An internal two-month-long review on the Chinese Communist Party’s propaganda department has determined that it is not doing enough to disseminate the Party’s propaganda nation-wide.
The strong criticism came from China’s Central Commission for Discipline, in which government inspectors concluded that the department has “failed to take tough or effective enough action to promote ideology, control the media and the internet and oversee universities and colleges,” South China Morning Post reports.
February of this year, the start of the inspectors’ investigation coincided with a new directive issued by the CCP’s organization of the Ministry of Education that called for “Patriotic Education”. The mandate demanded a new level of education – one which is saturated with messages of absolute devotion to the Party’s ideals, particularly extending to Chinese students studying at universities abroad.
This directive to further control the country’s children (the future leaders of society) and their already narrow view of what it means to be a patriot, apparently was not an aggressive enough step. Who knew that forcing naive children to focus their studies on President Xi Jinping’s “China Dream” of national revival isn’t tough enough?
I certainly thought controlling the minds of the youth would be. The inspectors’ review proves that I was wrong.
When President Xi took office four years ago, he began a harsher crackdown on government surveillance and enforcing citizens’ loyalty to the Party.
Also in February, Xi made highly-publicized visits to state media outlets, stressing that they must swear complete and unadulterated allegiance to the Party.
This past year numerous human rights advocates, activists, and lawyers went missing and were unlawfully detained simply for speaking up about the civil rights of the people, and the government also warned universities against using textbooks that “promote Western values”.

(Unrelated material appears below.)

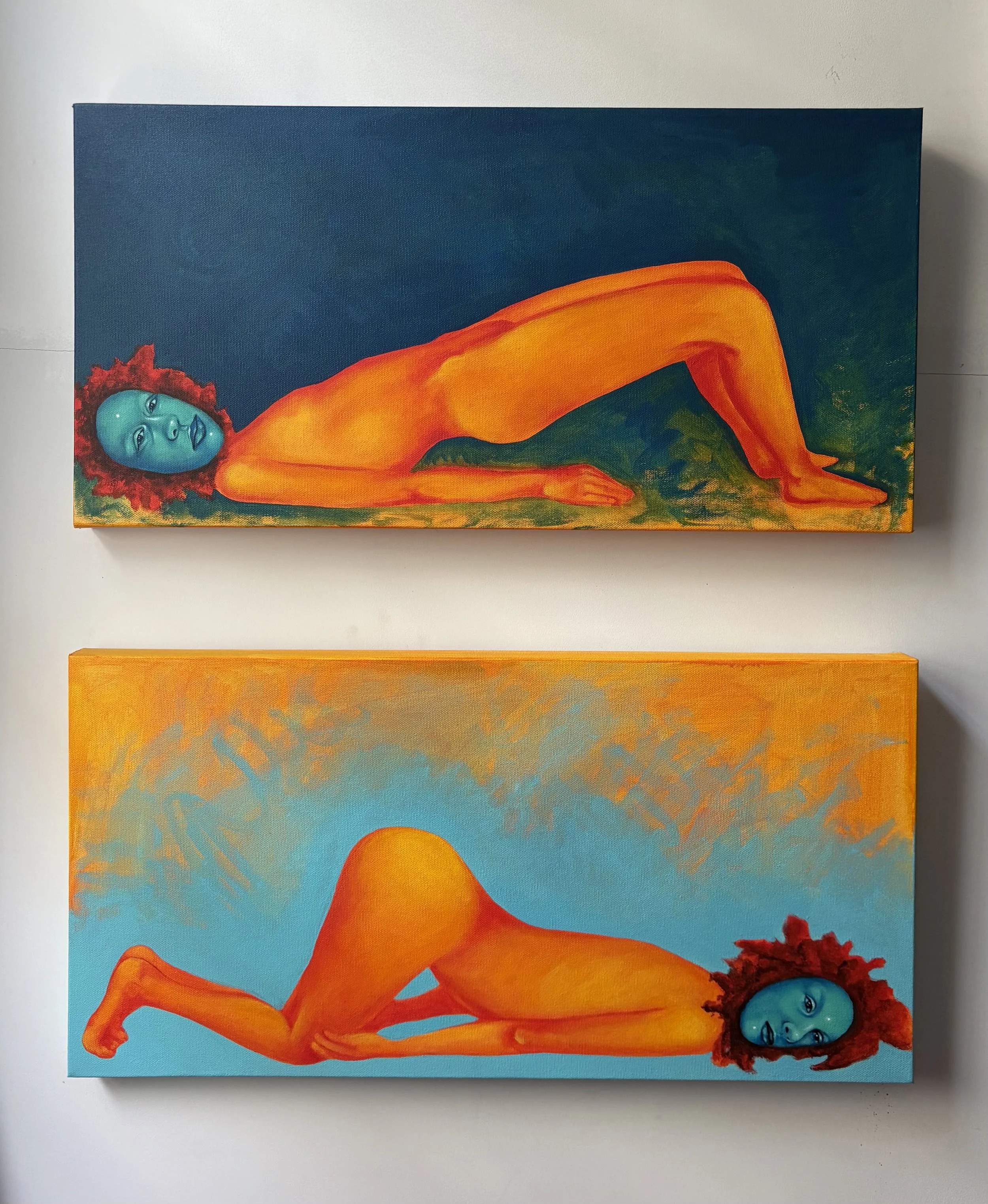 The Duality of Self is a collection of recent paintings that loosely explores the themes of human complexity and conflicting emotions/behaviors within us all. The series is completed through various diptychs and paintings consisting of two figures expressing opposite points of contrast within one being. Inspired by the heightened attributes and stereotypes assigned to my character at birth as a Gemini, this exhibition pushes to encourage the malleability and fluidity of humans in general, regardless of astrological placements. Each change in thought, feeling, or expression is just as valuable as the next, all coinciding within you, even if they go unnoticed to the public eye. There is more than one way to be yourself.

The Central Commission for Discipline’s report was given at its end-of-year-review conference.
Wang Haichen, the lead inspector in charge of the investigation, expressed his disappointment and discontent with the propaganda department’s “efforts”.
The department should better utilize and manage the internet, as well as implement more stringent analyses of textbooks and “its guidance on academic evaluation,” he said on the commission’s website.
“[The department] also needs to further strengthen its leadership in ideological work. There are also weak spots in implementing the principle of ‘the party controls the media’ in new media and it is not forceful enough in coordinating the ideological and political work at universities.”
Continuing his verbal attack on the propaganda department, Wang added further, “[The propaganda department] lacks depth in its research into developing contemporary China’s Marxism. The effect of guiding art and literature to serve socialism and the people was not obvious enough and the news propaganda is not targeted and effective enough.”
On an amusing last note, Wang urged the government to make news propaganda more “appealing and infective”. This sounds like the butt of a joke, though the sad truth is that Wang was not joking.